Конечно, можно было заказать шашлык в резиденцию или даже самим его пожарить во дворе, но, как говорится, чужой осел кажется сильнее своего. Да и там пришлось бы делиться с соседями каскадовцами. Они тут же подтянулись бы. Попробуй накорми всю ораву… Да и разве можно это сравнить с тем, что делает самолично Редай? За шашлыками Редая даже кэп из полка у Мраморной горы присылал гонцов на бэтээрах на Новый год — конечно, не только за этим; родной брат Редая держал пасеку у гор Искаполь, горной системы Хазареджат, и мед его был душист, как будто собран в райских кущах благородного Корана, по замечанию джаграна[101] Хазрата Абдулы из Царандоя. Ну да, разумеется, афганский милиционер поминал Коран, не только восхваляя мед; он еще и пять раз на дню свершал намаз, читая суры[102]. В первые дни и недели пребывания в этой стране переводчика Стаса такие вещи удивляли, хотя перед отправкой он много перелопатил всякой информации об Афганистане. Ну просто тут срабатывал метод индукции, предполагающий умозаключение по аналогии, то бишь установление соответствия между хорошо известным и неизвестным. Так вот Стас и представлял советского майора милиции, спешащего на службу в храм и бьющего потом там поклоны. На ум ему приходил капитан Жеглов Высоцкого, — да, вот он и занимается поклонами… Хм.

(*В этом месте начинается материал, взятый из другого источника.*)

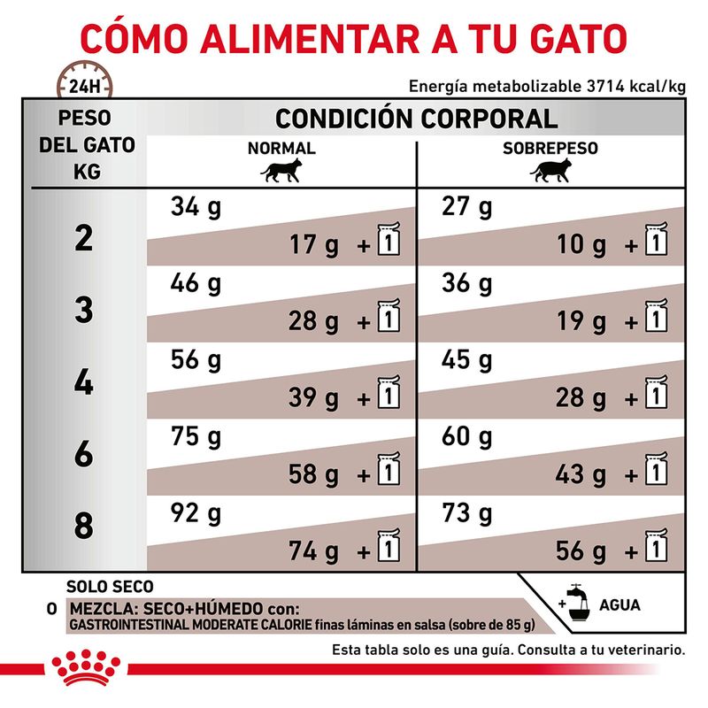 Royal Canin Veterinary Feline Gastrointestinal Moderate Calorie está especialmente formulado para satisfacer las necesidades de los gatos con sobrepeso o con tendencia al sobrepeso que tienen alterada la absorción de nutrientes y no digieren bien los alimentos. Gracias a su moderado contenido energético, este pienso dietético favorece el mantenimiento del peso ideal.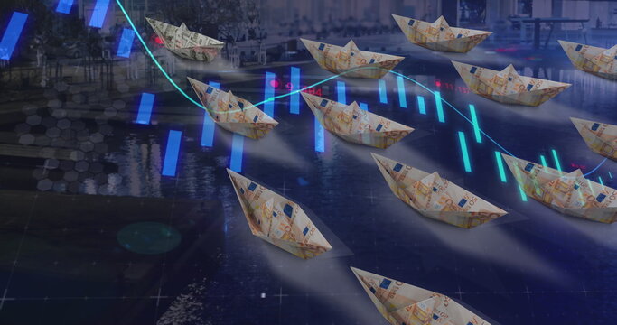 Digital data processing with financial arrows and graph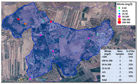 Nowadays, it is widely known that the agricultural activity represents the main source of nitrate inputs into the aquifers [33,34,35], an important problem that might lead to the declaration of these systems as being in poor condition. This is the case of the Benalup aquifer, declared in poor chemical condition for exceeding the permitted threshold values of this ion. For this reason, nitrate analyses were especially relevant in this study. Of the total of 35 samples collected during the two sampling campaigns, 17 (7 in December and 10 in May) exceeded the legal limit set at 50 mg/L, which represents about 50% of the samples. Figure 11 shows the spatial distribution of nitrate concentrations in the sampling campaign of December. The average NO3− concentration found was 44 mg/L, with values ranging between 0.8 and 250 mg/L. The latter value, which is extremely high, is attributed to point-source contamination from a poultry farm in Mesa Alta. Values of this magnitude were not detected during the second sampling campaign. In any case, during the second sampling (May), the nitrate average value was higher, 55.9 mg/L, with concentrations ranging from 0.6 mg/L (on a shallow borehole in a non-agricultural area) to 168.7 mg/L.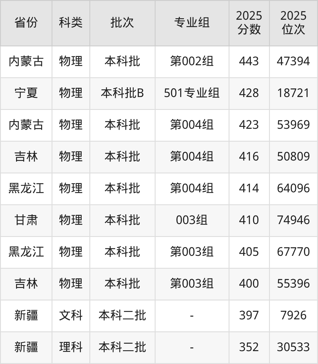物理类第003组:最低分为392分、位次是74166名

Бача[103] в замызганной длиннополой серой рубахе с разрезами, в застиранных шароварах и в драных сандалиях на босу ногу уже нес, сверкая белозубой улыбкой, мед и хлеб, но еще не шашлык.
Он поставил голубую глубокую большую пиалу, наполненную прозрачным чудесным медом на поднос, и положил тончайшие свежие лепешки.
— Бесяр ташакур[104], Ацак, — проговорил майор, кивая парнишке.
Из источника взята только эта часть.